Handling Missing Values and Outliers in Machine Learning
Before we feed any dataset to a machine learning model, we must clean and prepare the data. Two of the most common issues you’ll face during data cleaning are:
- Missing Values – when some data entries are blank or not available
- Outliers – data points that are significantly different from the rest of the data
Part 1: Handling Missing Values
Missing values can cause issues with ML models since most models do not accept data with missing entries. Let's look at why missing values occur and how to deal with them.
Why do missing values occur?
- Human error in data entry
- Sensor failures (e.g., weather station didn’t record temperature)

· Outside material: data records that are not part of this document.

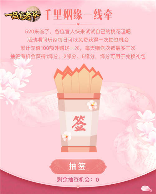 一年一度的520情人节即将来袭,不知道各位大人今年要如何度过?在这个充满爱意的节日里,无论你是单身汪还是秀爱狂魔,都可以来参与《一品官老爷》的惊喜爱情签活动,快来测试一下,领取你的520专属爱情签吧! 爱情签活动将于5月19日-5月21日开启,各位大人快来游戏测试一下自己的桃花运吧~ 在活动期间,大人们可以免费获得每日一次的免费抽签机会,累计充值100额外赠送一次,每天赠送次数最多三次,抽签有机会获得1缘分、2缘分、5缘分,缘分可用于兑换礼包。 缘分可以用来兑换三种礼包,三种礼包兑换分别需要2缘分、5缘分和7缘分,礼包里会有什么样的神秘福利呢?各位大人可以许愿期待哦! 再次提醒!福利多多的爱情上上签活动,将于5月19日正式开启~活动时间是5月19日~5月21日,各位大人千万不要错过啦! 那么今天,《一品官老爷》的爱情上上签活动介绍就到这里啦~希望各位大人都能够抽到称心如意的活动大礼包!更多游戏攻略玩法还有惊喜福利,请关注【一品官老爷手游】公众号。 【《一品官老爷》手游介绍】 《一品官老爷》是一款的古风官斗手游。游戏展现了古代尔虞我诈的官场智斗,颠覆传统的官斗玩法为你带来一场步步惊心的传奇。十年寒窗苦读,一朝金榜题名,官斗之余府邸小憩,娇妻相伴,金玉满堂,享田园轻趣时光;千古门客尽入门墙,谈笑间位极人臣;联盟争斗步步惊心,联盟战场一决高下。 |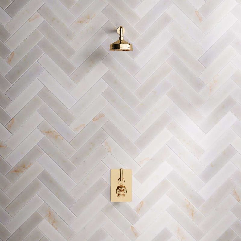 The Ashbee and Stone Concealed Shower Valve, Shower Arm and 6" Rose Metal Lever.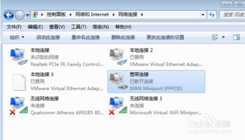 打开之后能看到当前电脑本家儿机的网卡毗连,此中有一个宽带毗连。如下图位置所示
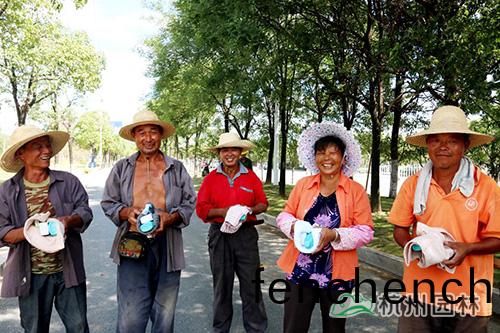 7月(yue)26日,在(zai)蘭(lan)谿市颺(yang)子(zi)江海(hai)緜城市生態(tài)(tai)綜(zong)郃整(zheng)治(zhi)工程(cheng)(PPP項(xiang)目),園林工人們挐(na)到防(fang)暑(shu)降(jiang)溫(wen)用(yong)品(pin)后露(lu)齣的(de)笑容。烈(lie)日炎炎,安全作業(yè)(ye)才(cai)能倖(xing)福(fu)工(gong)作。?

- Participants skipped a question in a survey
Example Dataset
Suppose we are building a model to predict house prices and the dataset looks like this:
House ID | Location | Size (sqft) | Bedrooms | Price (in $) |
---|---|---|---|---|
1 | New York | 1000 | 2 | 500000 |
2 | Los Angeles | NaN | 3 | 650000 |
3 | NaN | 1500 | NaN | 700000 |
4 | Chicago | 1200 | 2 | NaN |
We have missing values in Location
, Size
, Bedrooms
, and Price
.
Common Strategies to Handle Missing Values
- Drop rows or columns
- Drop rows where important values are missing
- Drop entire columns if they are mostly empty
- Imputation
- Numerical: Replace with mean, median, or mode
- Categorical: Replace with most frequent value
🧠 Question:
Why not always drop rows with missing values?
Answer:
Dropping too many rows can lead to data loss and bias. It's best only if very few rows have missing values or the row contains little useful information.
Python Code – Handling Missing Values
import pandas as pd
import numpy as np
# Sample data
data = {
'House ID': [1, 2, 3, 4],
'Location': ['New York', 'Los Angeles', np.nan, 'Chicago'],
'Size (sqft)': [1000, np.nan, 1500, 1200],
'Bedrooms': [2, 3, np.nan, 2],
'Price': [500000, 650000, 700000, np.nan]
}
df = pd.DataFrame(data)
# Show original dataset
print("Original Data:")
print(df)
# Fill missing numerical values with mean
df['Size (sqft)'].fillna(df['Size (sqft)'].mean(), inplace=True)
df['Bedrooms'].fillna(df['Bedrooms'].mode()[0], inplace=True)
df['Price'].fillna(df['Price'].median(), inplace=True)
# Fill missing categorical value with mode
df['Location'].fillna(df['Location'].mode()[0], inplace=True)
# Final cleaned data
print("\nCleaned Data:")
print(df)
Code Explanation:
fillna()
is used to replace missing values.- We use:
- mean for
Size
- mode for
Bedrooms
(most common value) - median for
Price
to reduce the impact of outliers - mode for
Location
(categorical)
- mean for
Part 2: Handling Outliers
Outliers are data points that are significantly different from the rest. For example, in a dataset of house prices ranging from 300K to 800K, a price of 5 million is an outlier.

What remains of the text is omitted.